From: Corey Leavitt <corey@leavitt.info>

Transfer ownership of phydev->psec from fwnode_mdio to the phy
subsystem itself. The phy subsystem now subscribes to the pse-pd
notifier chain and manages psec attach/detach in response to PSE
controller lifecycle events, while fwnode_mdio loses its PSE awareness
entirely.

phydev->psec is attached after device_add() has made the phy visible
on mdio_bus_type, under a narrow rtnl_lock() that covers only
phy_try_attach_pse().
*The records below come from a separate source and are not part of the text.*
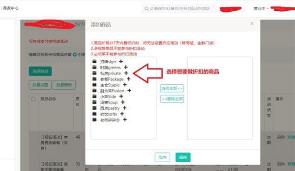 3、选择您要添加折扣的商品就可以了,选择完成后点击【保存】。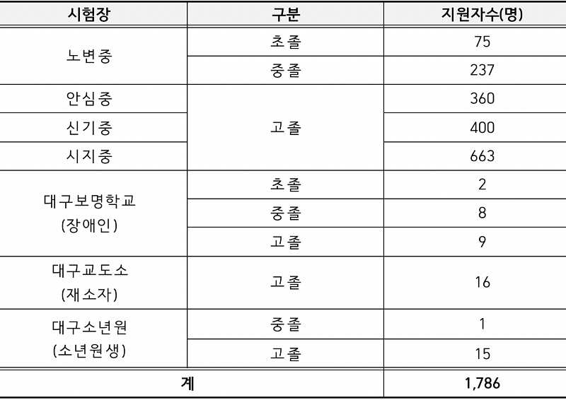 이번 시험에는 초졸 77명, 중졸 246명, 고졸 1,463명으로 총 1,786명이 응시할 예정이며, 장애인 19명, 재소자 16명, 소년원생 16명이 포함되어 있다.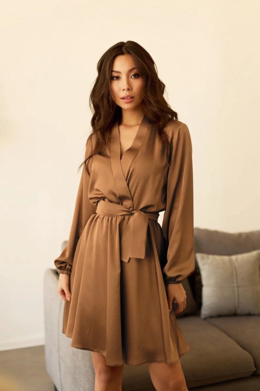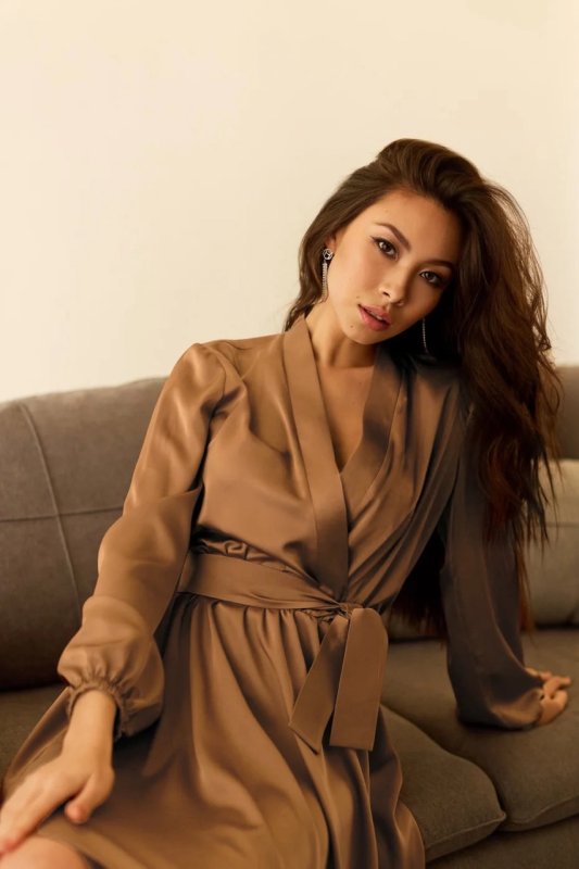 Пышное платье свободного кроя. Вырез горловины V-образный. Рукава длинные, пышные. Платье идет на запах. Пояс съёмный. Материал: шелк Армани.

Ordering the attach after registration closes
the race that would otherwise leave a phy unattached: a PSE_REGISTERED
event firing during registration walks mdio_bus_type and either finds
the phy already added (and attaches it) or runs before device_add(),
in which case the post-add attach resolves it. The phydev->psec check
in phy_try_attach_pse() makes the two paths idempotent. Holding rtnl
across of_pse_control_get() is safe because pse_list_mutex is never
taken in the opposite order.

device_add() is deliberately left outside rtnl. Binding a phy that
itself provides an SFP cage reaches sfp_bus_add_upstream() through
phy_probe() -> phy_setup_ports() -> phy_sfp_probe(), and
sfp_bus_add_upstream() takes rtnl_lock(); holding rtnl across
device_add() would deadlock such phys (reported on RTL8214FC).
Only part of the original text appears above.